Ok, I've added the accumulated warnings to the output for all cases that the metadata table is also output for. I think the initialization state for &add_table and &add_warning is the same at that stage. Should should be up on qa-dev now; try it on hut.fi and let me know if it does the job.
HTML 4.01 actually says do what you want, but do not default to ISO-8859-1 blindly as that would fail in many situations. The specification mentions UTF-8 only as an example for common encodings and in the section on how to handle illegal URIs. If we do not attempt to be clever, ISO-8859-1 makes the most sense among possible default encodings, as there are most likely more ISO-8859- 1 documents than UTF-8 documents which do not declare any encoding on the web.

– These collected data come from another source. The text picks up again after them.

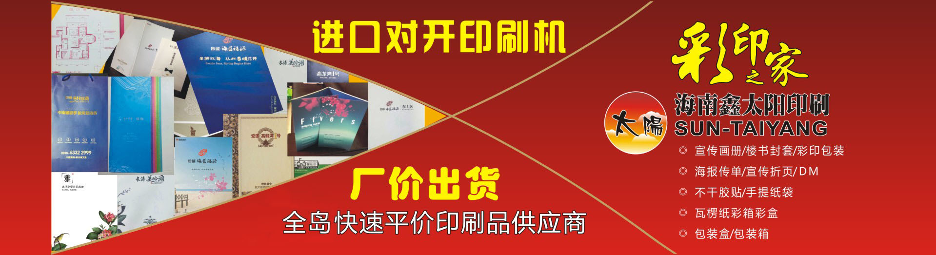 海南鑫太陽印刷業有限公司成立于2002年,主要從事生產海報畫冊、傳單簡介、精品包裝、掛歷臺歷、不干膠貼、手提紙袋、瓦楞紙包裝箱和彩箱紙盒等,公司有日本、德國等對開及四開高速彩色印刷機、自動膠裝機、自動鎖線機、自動復膜機等先進的自動化設備,業務涉及商業、地產、水產、食品、農林、藥品、化工、航空等行業的彩印包裝及宣傳印刷品。我公司另外還設有紙箱包裝廠,可以更好地為客戶配套生產各種檔次級別的瓦楞紙箱彩盒、普通紙箱紙盒、精裝禮盒等大型產品包裝,產品范圍包括花炮箱、飲料箱、食品箱、魚箱、花箱等。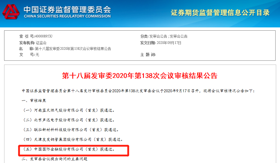 9月17日晚间,证监会网站公示了第十八届发审委2020年第138次会议审核结果公告,有5家公司首发获得通过,其中包括中国国际金融股份有限公司(首发)获通过,这意味着中金公司回A股IPO又进了一步,在顺利过会后,中金公司将进入发行环节。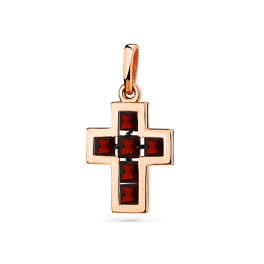Декоративный крестик с гранатами, выполненный из красного золота 585 пробы в стильном дизайне. Эффектные гранаты квадратной формы огранки обращают на себя внимание, и великолепно дополняют выразительный образ украшения. Подвеска придется по вкусу любителям строгих форм и минимализма. Приобретайте ювелирное украшение по выгодным ценам в магазинах Мир Золота.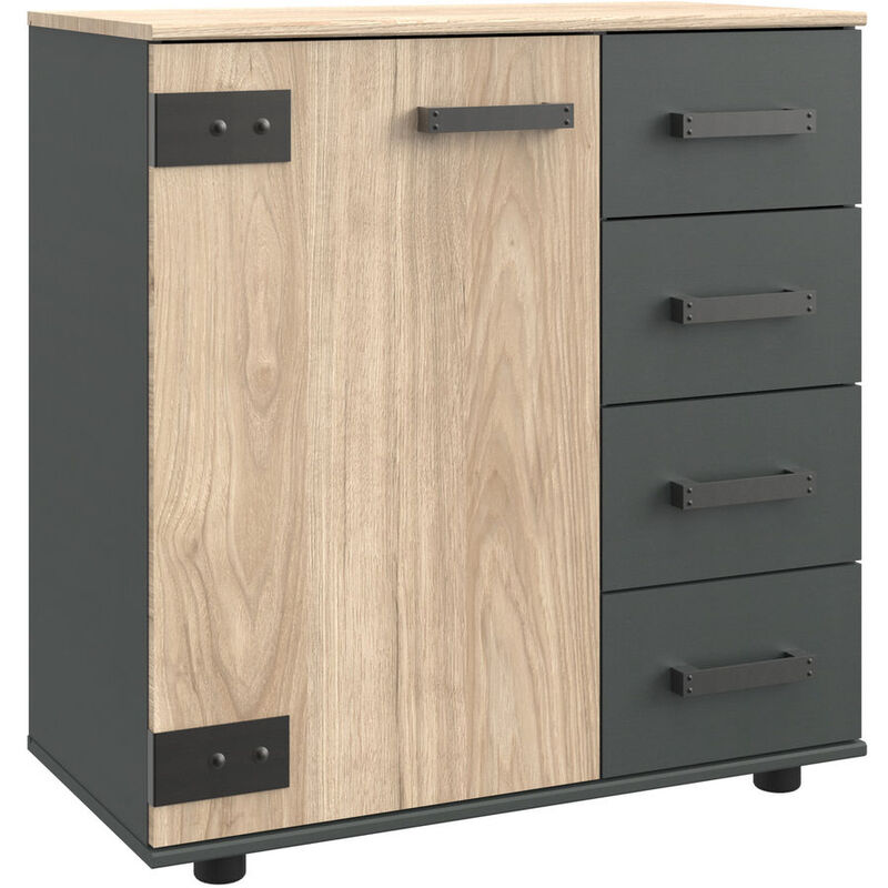 Kombikommode 1 Tür, 4 Schubladen – Kommode Malma – Holzwerkstoff – B 81 T 41 H 83 cm – 1 Tablar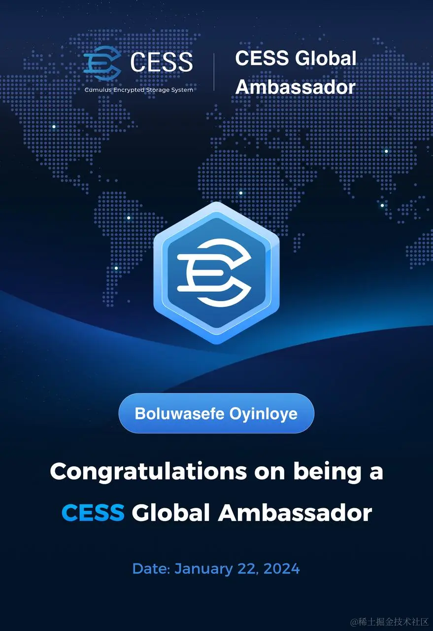 CESS(Cumulus Encrypted Storage System)很荣幸地向大家宣布「CESS 全球大使计划」的首批入选大使!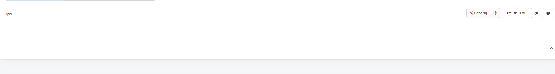 Pole po prawej stronie zawiera opis produktu, który zaciągany jest z magazynu. Zwróć uwagę na to, że nie jest to szablon HTML. W tym miejscu możesz ręcznie edytować taki opis. Opis może mieć maksymalnie 60 tysięcy znaków.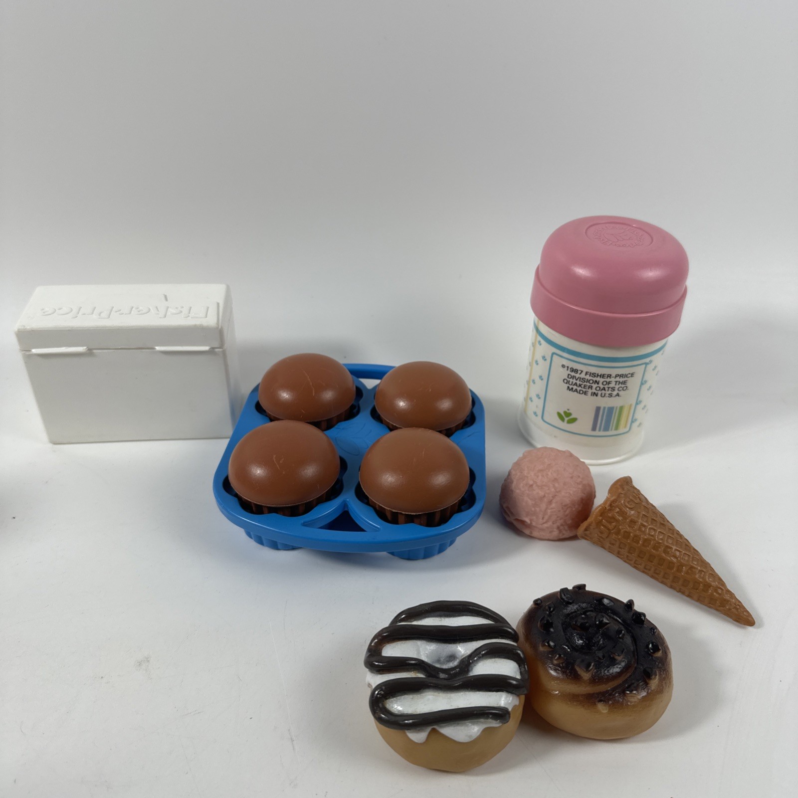 1987 Vintage Fisher Price Fun Food Party Time Dessert Dounuts Ice Cream Muffins

As mentioned, this has been discussed, at length, on several occasions on w-v. Bugzilla is not the place to take this discussion up again, and 0.6.6 is not the target for revisiting this issue. Closing this bug as FIXED; lets hash this out on the list and iff necessary make any changes with a target of 0.7.
Now that the warnings are visible, the fallback is a lot less confusing; good enough for 0.6.6 IMO.